The training data for the PLDA or DPLDA backends was a subset of the training data used for the speaker embeddings DNN including a random half of the speakers (for expedience of experimentation) and excluding all signals for which no information about the recording session could be obtained and all speakers for which a single session was available. In this case, we use full segments to train the backend rather than chunks and SNR level of 5dB for augmentation (using this SNR on the PLDA backend led to marginally better results than using 10-25dB SNR, as for the embeddings extractor). Both for PLDA and DPLDA, the LDA dimension is set to 200.

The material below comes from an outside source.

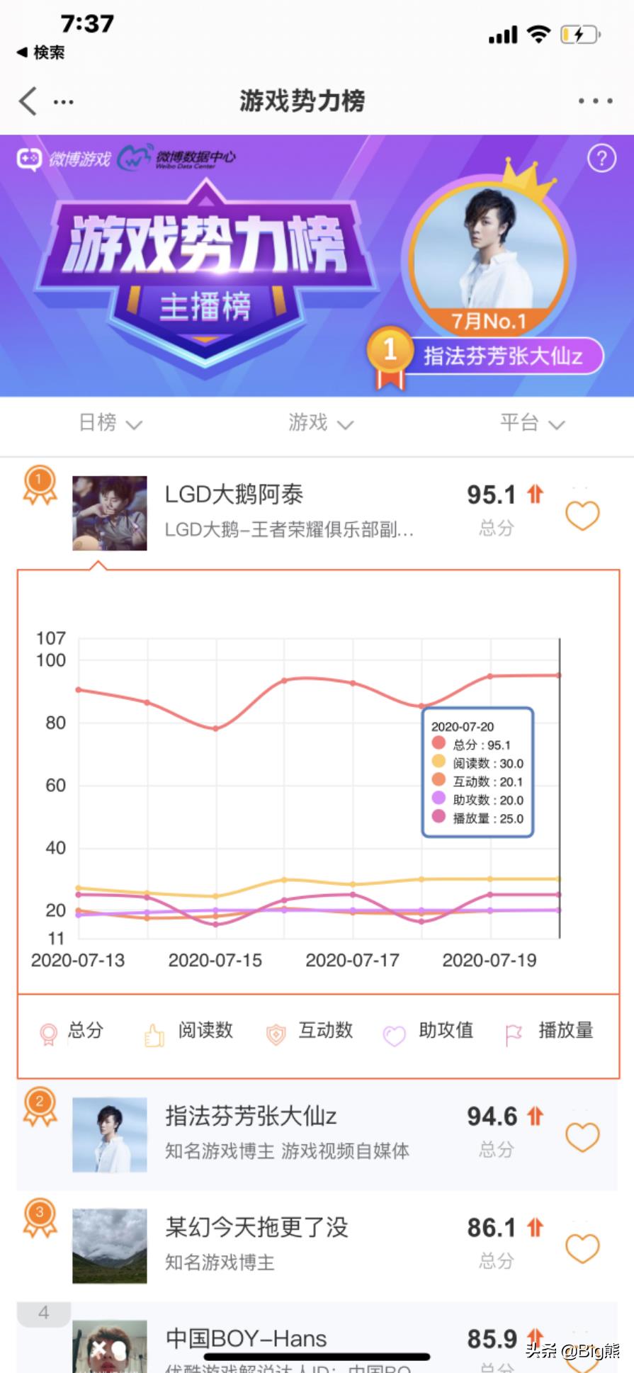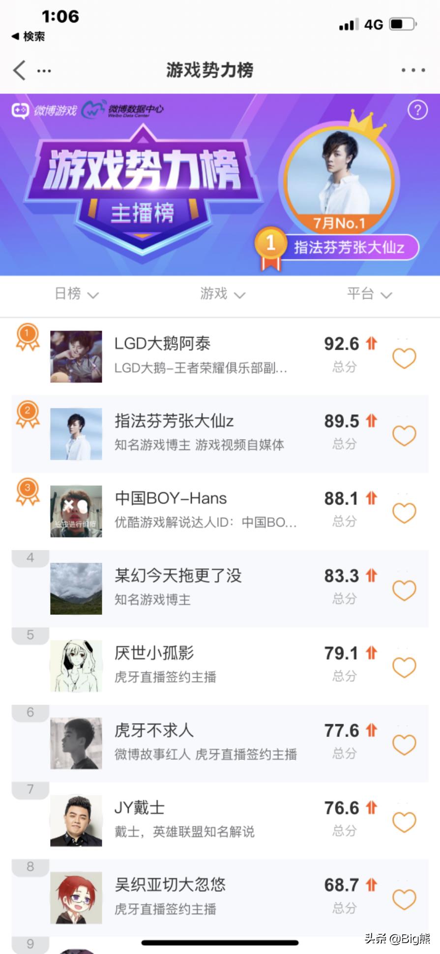 阿泰登顶微博游戏势力榜第一名,力压张大仙持续霸榜
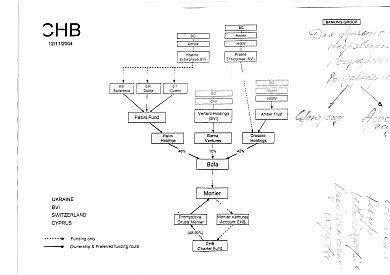 Схема наведена англійською мовою. На ній є позначки олівцем – почерк один в один схожий на почерк Тимошенко. Можливо, саме ці домальовані позначки напевне і мали свідчити про причетність до "банківської групи" акціонерів "РосУкрЕнерго"? Адже в самій схемі згадки при них немає…

Beside the training data above, we add two datasets for backend training, FVCAus and RATS. FVCAus is composed of interviews and conversational excerpts from over 500 Australian English speakers from the forensic voice comparison dataset . Audio was recorded using close talking microphones. RATS is composed of telephone calls in five non-English languages from over 300 speakers. We only used the source data (not retransmitted) of the DARPA RATS program  for the SID task.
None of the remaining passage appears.